# [Description of the task]
Return the listing in full and exactly, but without a single picture.
Recorded data below:
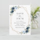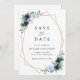 Invitations amis et famille dans le style et donner le ton pour votre journée spéciale avec ce charmant enregistrer la carte de date. Le design présente des fleurs marine et bleu aquarelle, de la verdure et un cadre doré sur l'arrière - plan blanc.
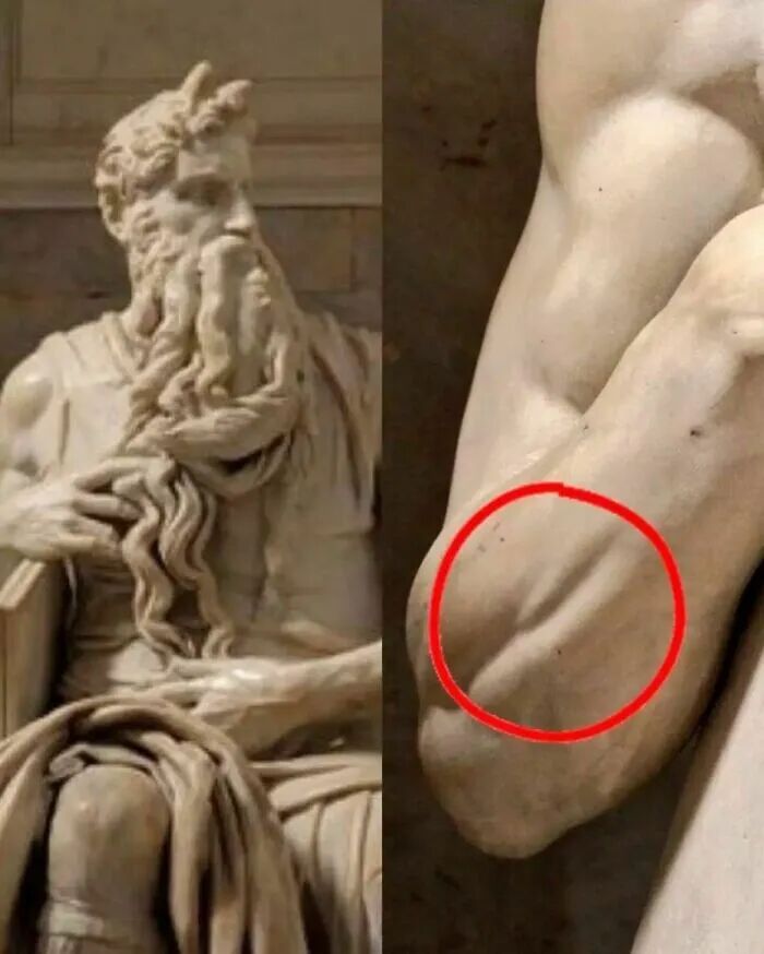 米开朗基罗的摩西是1513-15年制作的大理石雕塑,细节之一是前臂一块非常小的肌肉,只有抬起小指时才会收缩。
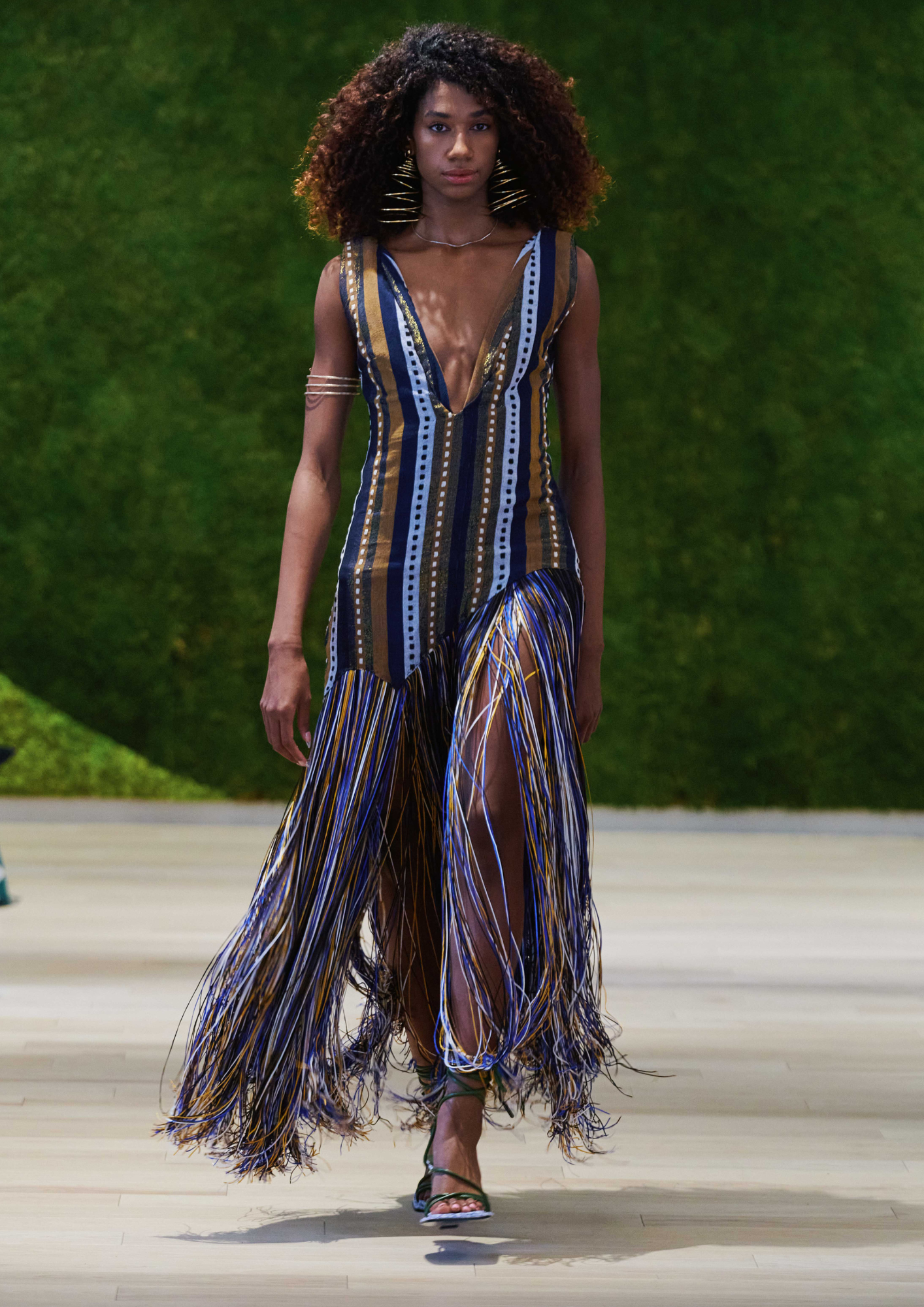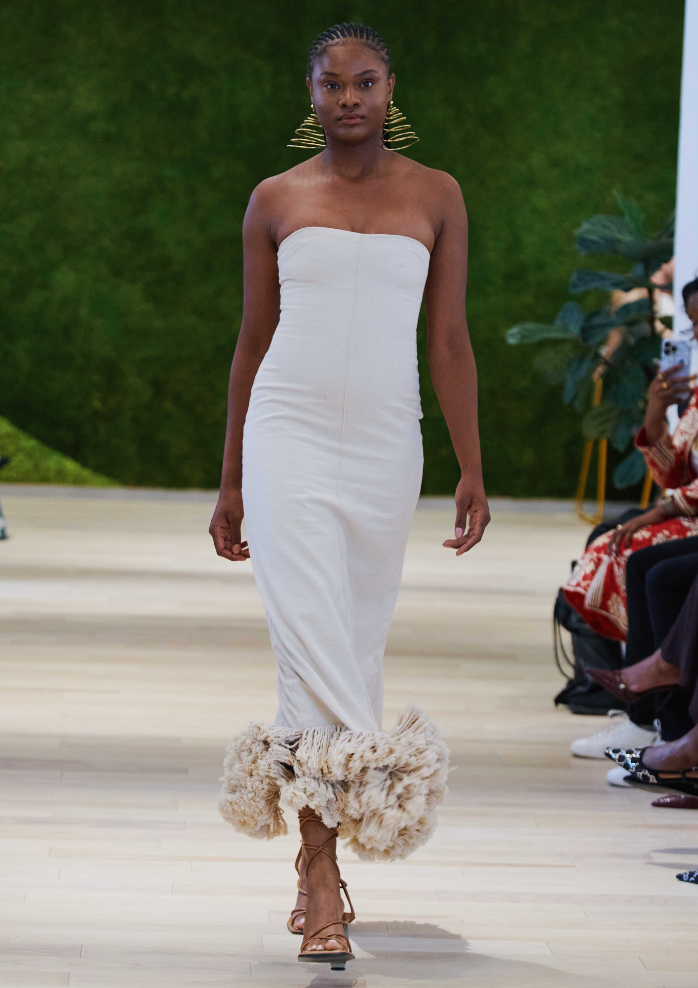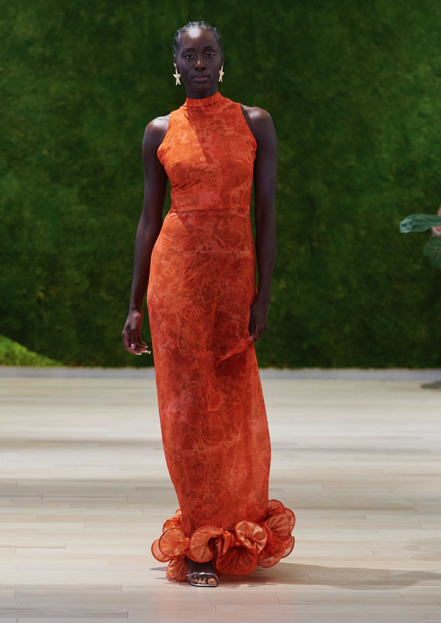 Among the show’s highlights was an ethereal white dress, its sleek silhouette punctuated by luxuriant, textured fringe at the hem, creating an airy, dreamlike movement down the runway. In contrast, a regal burnt-orange gown, with its floor-length elegance, demanded attention with an understated grace. Both looks encapsulated the collection’s ethos—an unwavering reverence for natural fibers and craftsmanship paired with the poise of high fashion.
End of Recorded data.
# [Expected output]
 Invitations amis et famille dans le style et donner le ton pour votre journée spéciale avec ce charmant enregistrer la carte de date. Le design présente des fleurs marine et bleu aquarelle, de la verdure et un cadre doré sur l'arrière - plan blanc.
 米开朗基罗的摩西是1513-15年制作的大理石雕塑,细节之一是前臂一块非常小的肌肉,只有抬起小指时才会收缩。
 Among the show’s highlights was an ethereal white dress, its sleek silhouette punctuated by luxuriant, textured fringe at the hem, creating an airy, dreamlike movement down the runway. In contrast, a regal burnt-orange gown, with its floor-length elegance, demanded attention with an understated grace. Both looks encapsulated the collection’s ethos—an unwavering reverence for natural fibers and craftsmanship paired with the poise of high fashion.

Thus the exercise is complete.